I don’t exactly agree with your prescription. I called a recent post How to solve deception and still fail, but it could also have been titled “How to do something like RLFH with true oversight on the internal representations and still fail.”
To get the good ending we don’t just need the ability to supervise, we first need an AI that uses sufficiently good meta-preferences (information about how we want to be modeled as having preferences / what we think good reasoning about our preferences looks like) when interpreting human feedback as fintetuning reward.
I skimmed your post, and I think I agree with what you’re saying. However, I think what you’re pointing at is in the same class of problem as deep deceptiveness is.
In my framing, I would put it as a problem of the target you’re actually optimizing for still being underspecified enough to allow models that come up with bad plans you like. I fully agree that trying to figure out whether a plan generated by a superintelligence is good is an incredibly difficult problem to solve, and that if we have to rely on that we probably lose. I don’t see how this applies well to building a preference ordering for the objectives of the AI as opposed to plans generated by it, however. That doesn’t require the same kind of front-loaded inference on figuring out whether a plan would lead to good outcomes, because you’re relying on latent information that’s both immediately descriptive of the model’s internals, and (conditional on a robust enough representation of objectives) isn’t incentivized to be obfuscated to an overseer.

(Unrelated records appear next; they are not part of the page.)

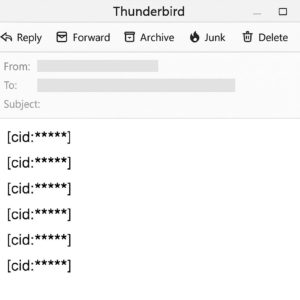 ある日Thunderbirdでメールを確認していたところ、本文中に「[cid:*****]」という謎の文字列がずらっと並んでいました。
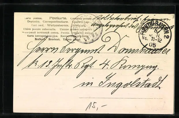 alte Ansichtskarte, gelaufen 1905, Stempelspur, guter Zustand
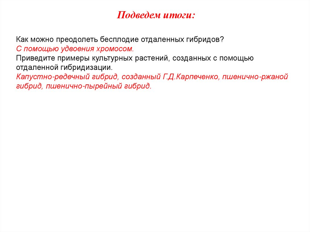 Подведем итоги:Как можно преодолеть бесплодие отдаленных гибридов?

This does still require that you use that preference signal to converge onto a narrow segment of model space where the AI’s objectives are pretty tightly bound with ours, instead of simply deciding whether a given objective is good (which can leave out relevant information, as you say). I don’t think this changes a lot itself on its own though—if you try to do this for evaluations of plans, you lose anyway because the core problem is that your evaluation signal is too underspecified to select between “plans that look good” and “plans that are good” regardless of how you set it up. But I don’t see how the evaluation signal for objectives is similarly underspecified; if your intervention is actually on a robust representation of the internal goal, then it seems to me like the goal that looks the best actually is the best.
That said, I don’t think that the problem of learning a good preference model for objectives is trivial. I think that it’s a much easier problem, though, and that the bulk of the underlying problem lies in being able to oversee the right internal representations.
Very clearly written!
I don’t exactly agree with your prescription. I called a recent post How to solve deception and still fail, but it could also have been titled “How to do something like RLFH with true oversight on the internal representations and still fail.”

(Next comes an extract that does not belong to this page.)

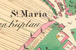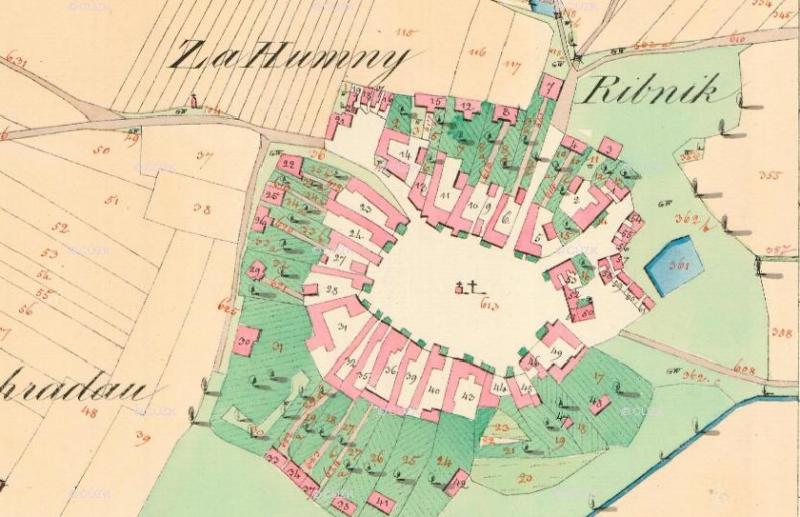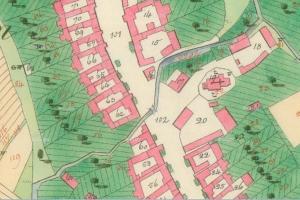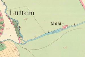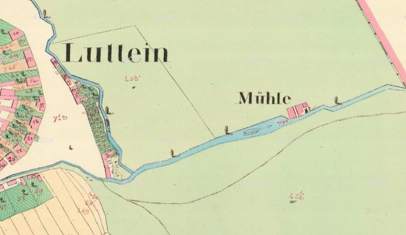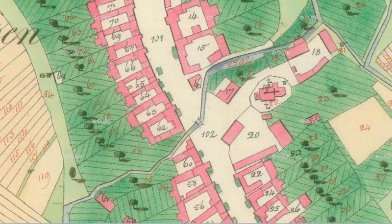 Mlýn ( u kostela č. p. 18) na císařském povinném otisku map stabilního katastru Moravy a Slezska z r. 1826.

To get the good ending we don’t just need the ability to supervise, we first need an AI that uses sufficiently good meta-preferences (information about how we want to be modeled as having preferences / what we think good reasoning about our preferences looks like) when interpreting human feedback as fintetuning reward.
Thanks :)
I skimmed your post, and I think I agree with what you’re saying. However, I think what you’re pointing at is in the same class of problem as deep deceptiveness is.
In my framing, I would put it as a problem of the target you’re actually optimizing for still being underspecified enough to allow models that come up with bad plans you like. I fully agree that trying to figure out whether a plan generated by a superintelligence is good is an incredibly difficult problem to solve, and that if we have to rely on that we probably lose. I don’t see how this applies well to building a preference ordering for the objectives of the AI as opposed to plans generated by it, however. That doesn’t require the same kind of front-loaded inference on figuring out whether a plan would lead to good outcomes, because you’re relying on latent information that’s both immediately descriptive of the model’s internals, and (conditional on a robust enough representation of objectives) isn’t incentivized to be obfuscated to an overseer.
This does still require that you use that preference signal to converge onto a narrow segment of model space where the AI’s objectives are pretty tightly bound with ours, instead of simply deciding whether a given objective is good (which can leave out relevant information, as you say). I don’t think this changes a lot itself on its own though—if you try to do this for evaluations of plans, you lose anyway because the core problem is that your evaluation signal is too underspecified to select between “plans that look good” and “plans that are good” regardless of how you set it up. But I don’t see how the evaluation signal for objectives is similarly underspecified; if your intervention is actually on a robust representation of the internal goal, then it seems to me like the goal that looks the best actually is the best.
That said, I don’t think that the problem of learning a good preference model for objectives is trivial. I think that it’s a much easier problem, though, and that the bulk of the underlying problem lies in being able to oversee the right internal representations.